• **Input data**:
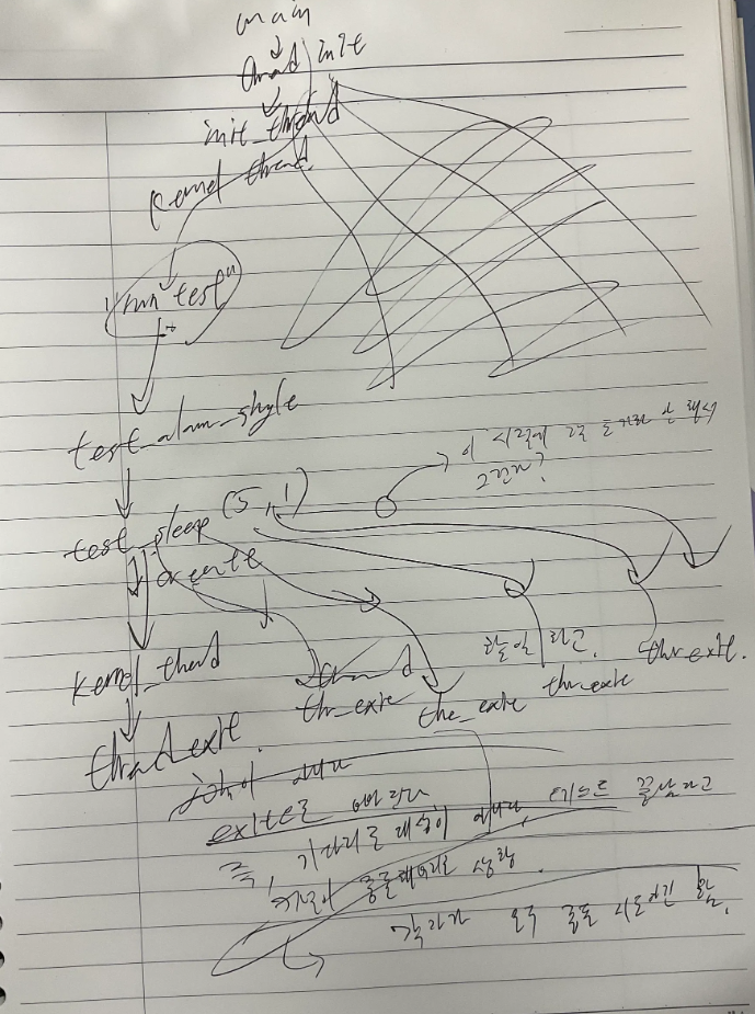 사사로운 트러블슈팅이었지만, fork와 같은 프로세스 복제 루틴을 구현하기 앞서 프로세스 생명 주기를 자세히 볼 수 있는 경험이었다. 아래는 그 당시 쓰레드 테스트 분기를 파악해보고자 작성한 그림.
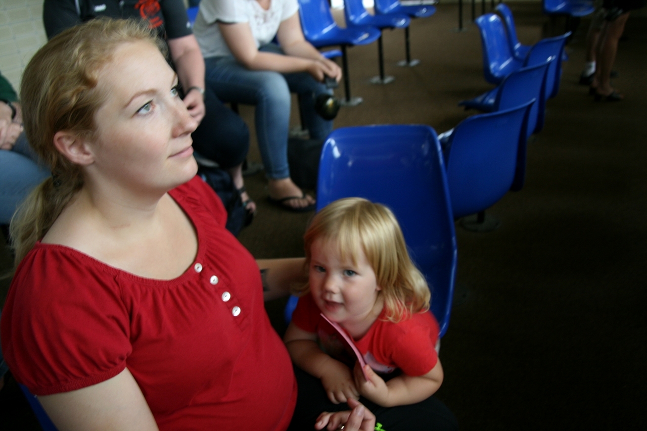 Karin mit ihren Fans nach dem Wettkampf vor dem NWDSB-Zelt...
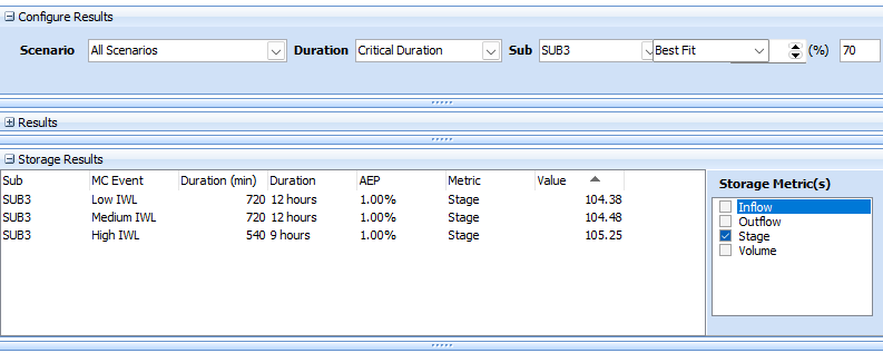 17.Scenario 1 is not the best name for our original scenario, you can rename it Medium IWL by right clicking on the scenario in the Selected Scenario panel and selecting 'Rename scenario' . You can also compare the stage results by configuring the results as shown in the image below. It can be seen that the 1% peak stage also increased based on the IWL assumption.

• **Work required**:
Write out, exactly and only, the lines from the one containing "Karin mit ihren" through the last line of the material above. Pictures do not go in the copy.

• **Completed task**:
 Karin mit ihren Fans nach dem Wettkampf vor dem NWDSB-Zelt...
 17.Scenario 1 is not the best name for our original scenario, you can rename it Medium IWL by right clicking on the scenario in the Selected Scenario panel and selecting 'Rename scenario' . You can also compare the stage results by configuring the results as shown in the image below. It can be seen that the 1% peak stage also increased based on the IWL assumption.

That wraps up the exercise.